First post on California’s Early Assessment Program

Posted by guest blogger Matthew Rosin, senior research associate, EdSource (Mountain View, CA).

California’s Early Assessment Program (EAP) has been cited as a potential model for other states hoping to align their high school standards and assessments with the placement expectations of their postsecondary institutions, and for sending students early signals about their preparedness to enter college without remediation in English and mathematics. Begun through partnership between the California State University (CSU), the California Department of Education and the California State Board of Education, California lawmakers also recently provided for the state’s community colleges to voluntarily participate in the EAP beginning this academic year.

The next several blog posts will explore how EAP tests are offered in grade 11 in English language arts and mathematics, what this means for student participation, and how this relates to the missions of different postsecondary institutions in California—all important issues with implications for other states that might wish to adapt the EAP to their own contexts. These posts will draw from EdSource’s November 2008 report, High School to Community College: New Efforts to Build Shared Expectations.

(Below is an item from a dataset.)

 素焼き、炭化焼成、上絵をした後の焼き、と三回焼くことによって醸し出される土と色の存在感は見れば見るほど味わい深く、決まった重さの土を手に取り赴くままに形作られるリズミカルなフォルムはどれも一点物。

First, some background on the EAP is important. Offered for the first time in spring 2004, the EAP enabled CSU to provide California high school students with early feedback—during the summer before their senior years—about their preparedness for college-level classes in English and math. By giving high school students one year to become better prepared if needed, EAP developers hoped to reduce the proportion of incoming CSU students who need remediation in these subjects.

The developers of the EAP found that CSU’s placement expectations and the state’s K-12 standards for English and mathematics were aligned, but that CSU’s placement tests and the state’s high school assessments—the California Standards Tests (CSTs)—did not always emphasize the same things. The solution: give 11th graders the option to take expanded versions of CSTs in English and math. This decision avoided the need to develop yet another set of tests and standards to which students and teachers would need to respond.

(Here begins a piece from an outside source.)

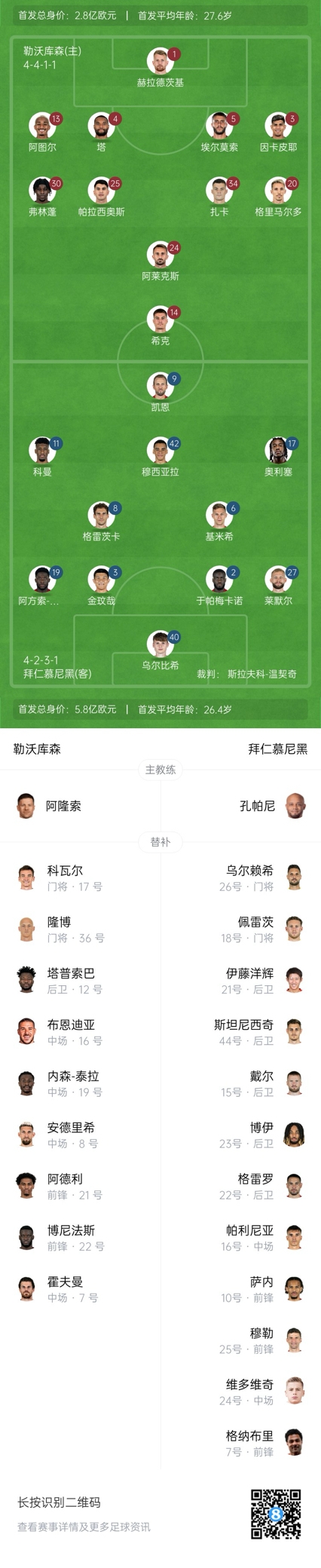 勒沃庫(kù)森首發(fā):1-赫拉德斯基、4-塔、5-埃爾莫索、3-因卡皮耶、13-阿圖爾、34-扎卡、25-帕拉西奧斯、30-弗林蓬、20-格里馬爾多、24-阿萊克斯-加西亞、14-希克

The EAP has three components:

  • Augmented versions of certain CSTs in grade 11. Students who do well on an EAP test are considered on track to be ready for college and are exempted from placement testing in English and/or math at CSU. In mathematics, students can also receive a “conditional” exemption from placement testing that is contingent on an additional year of mathematics during their senior year of high school.
  • Assistance for students in grade 12 who need additional preparation, including additional coursework in English language arts and online services in mathematics. For example, the Expository Reading and Writing Course (ERWC) is designed to help high school students develop as readers and writers of exposition, analysis, and argument—skills that will be expected frequently in college courses.
  • Professional development for high school teachers to build their capacity to improve students’ college readiness, including preparation to teach the ERWC.

In the next post, we will take a closer look at how the EAP test is offered in English language arts. Subsequent posts will examine how EAP tests are offered in mathematics, and what this means for California’s recent expansion of the EAP to include voluntary participation by the state’s open-access community colleges.